> [To do]
Within the entries below, please retype exactly the lines starting with the line that has "7409 - ولو قتله" and going on through the line that has "以上就是小编为大家带来的火影", but not the pictures.

> [Record set]
----------

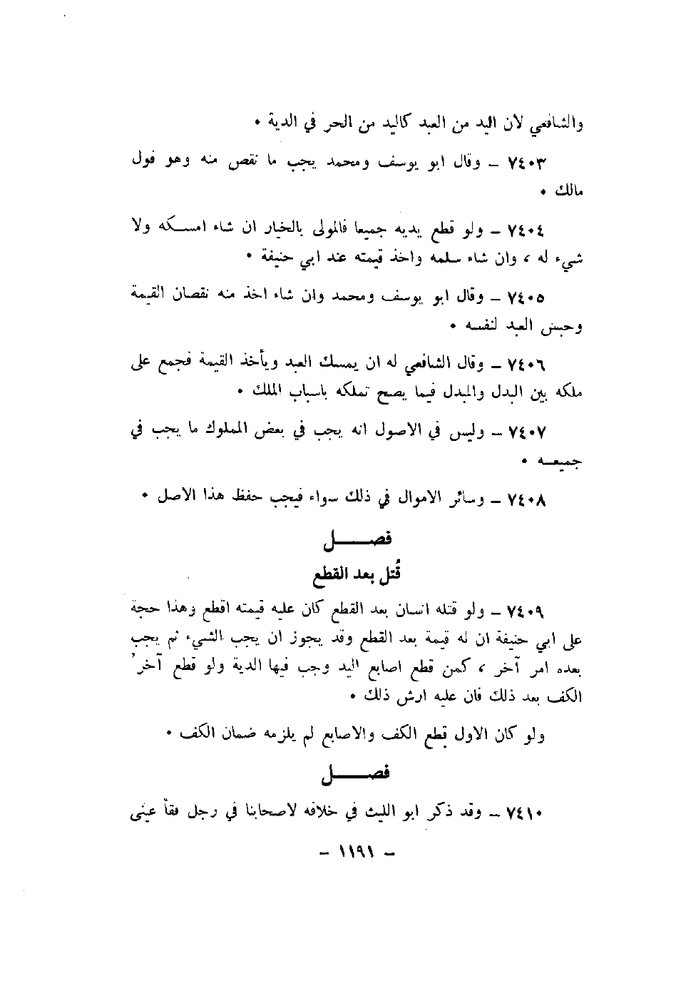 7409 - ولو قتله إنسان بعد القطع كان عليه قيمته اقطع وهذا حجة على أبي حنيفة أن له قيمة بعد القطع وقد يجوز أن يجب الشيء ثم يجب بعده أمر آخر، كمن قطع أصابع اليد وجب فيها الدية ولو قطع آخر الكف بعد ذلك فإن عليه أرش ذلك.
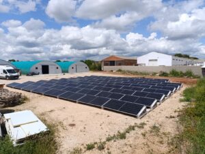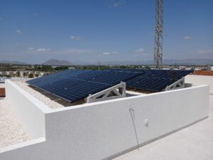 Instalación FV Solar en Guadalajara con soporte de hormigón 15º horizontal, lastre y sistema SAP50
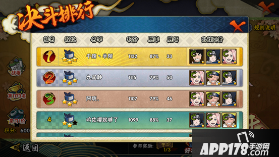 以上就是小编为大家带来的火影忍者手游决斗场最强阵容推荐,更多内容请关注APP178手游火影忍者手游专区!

----------

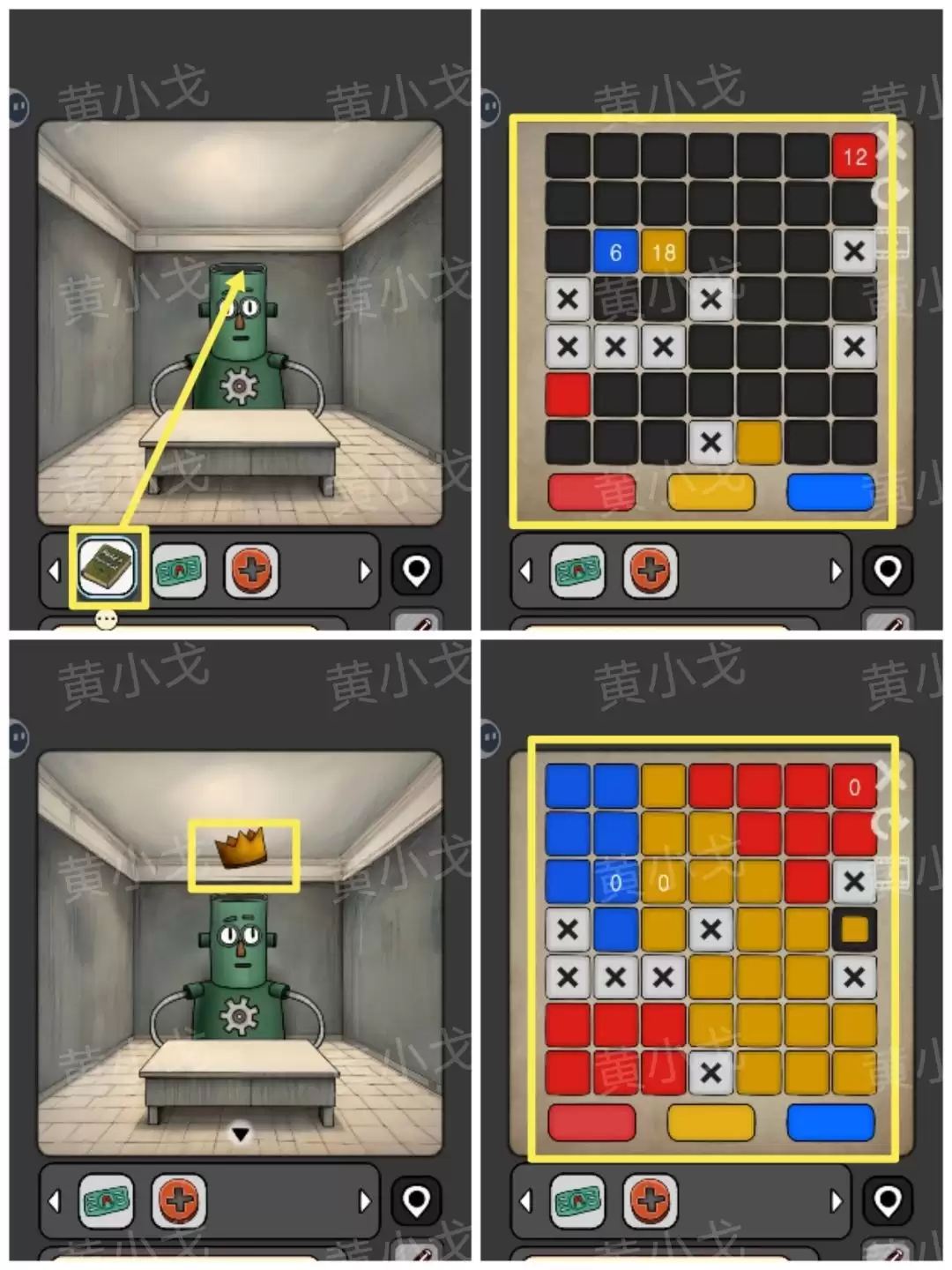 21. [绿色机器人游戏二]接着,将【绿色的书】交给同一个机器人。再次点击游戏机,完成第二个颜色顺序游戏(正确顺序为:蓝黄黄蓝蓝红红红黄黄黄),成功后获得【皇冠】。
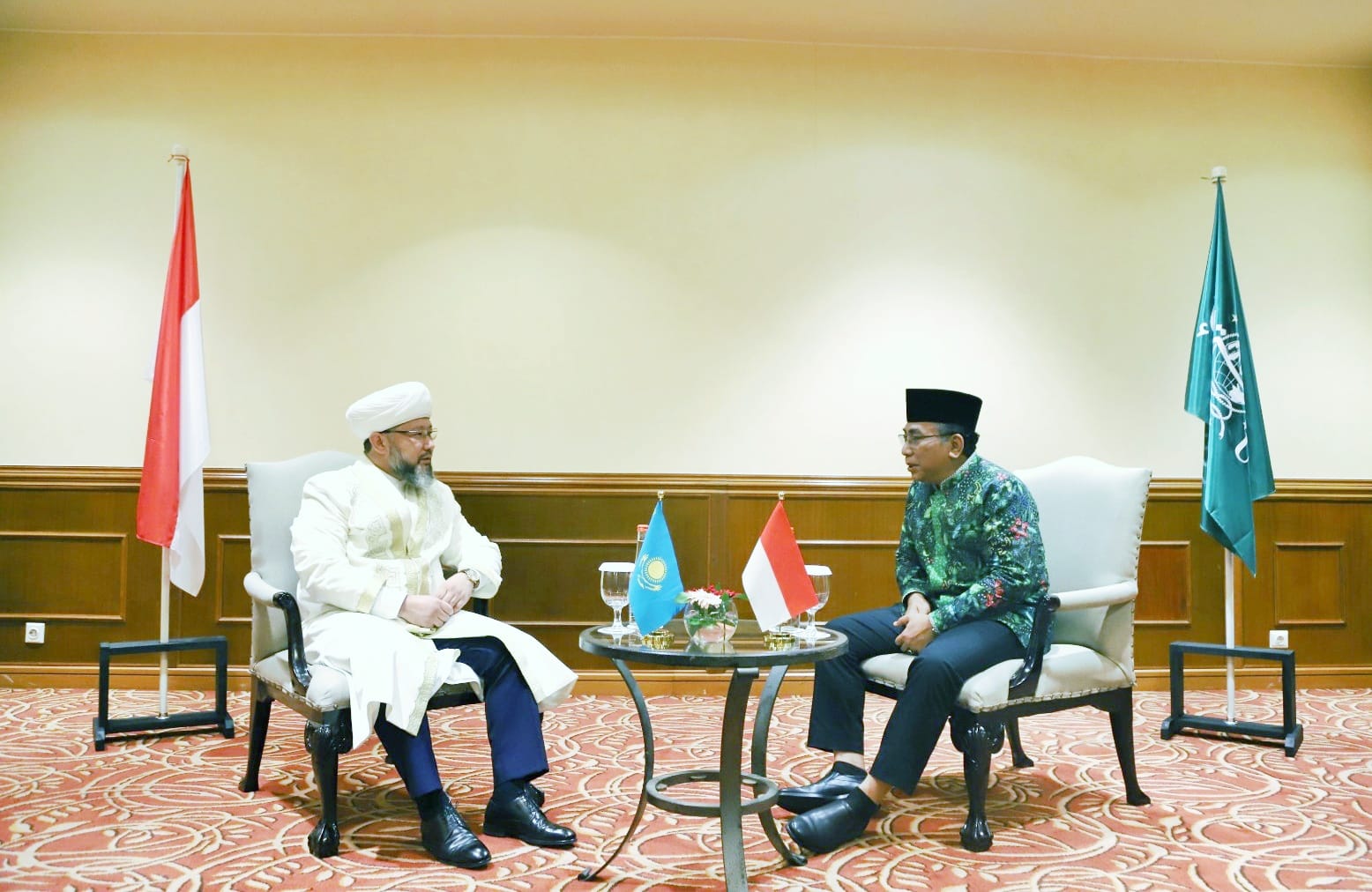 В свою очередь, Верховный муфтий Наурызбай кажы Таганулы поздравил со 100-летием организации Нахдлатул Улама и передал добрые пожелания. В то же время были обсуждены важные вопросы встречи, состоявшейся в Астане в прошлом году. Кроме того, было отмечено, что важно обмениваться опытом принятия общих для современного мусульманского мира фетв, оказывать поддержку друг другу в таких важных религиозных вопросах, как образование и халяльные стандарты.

----------

> [Solution to this problem]
 7409 - ولو قتله إنسان بعد القطع كان عليه قيمته اقطع وهذا حجة على أبي حنيفة أن له قيمة بعد القطع وقد يجوز أن يجب الشيء ثم يجب بعده أمر آخر، كمن قطع أصابع اليد وجب فيها الدية ولو قطع آخر الكف بعد ذلك فإن عليه أرش ذلك.
 Instalación FV Solar en Guadalajara con soporte de hormigón 15º horizontal, lastre y sistema SAP50
 以上就是小编为大家带来的火影忍者手游决斗场最强阵容推荐,更多内容请关注APP178手游火影忍者手游专区!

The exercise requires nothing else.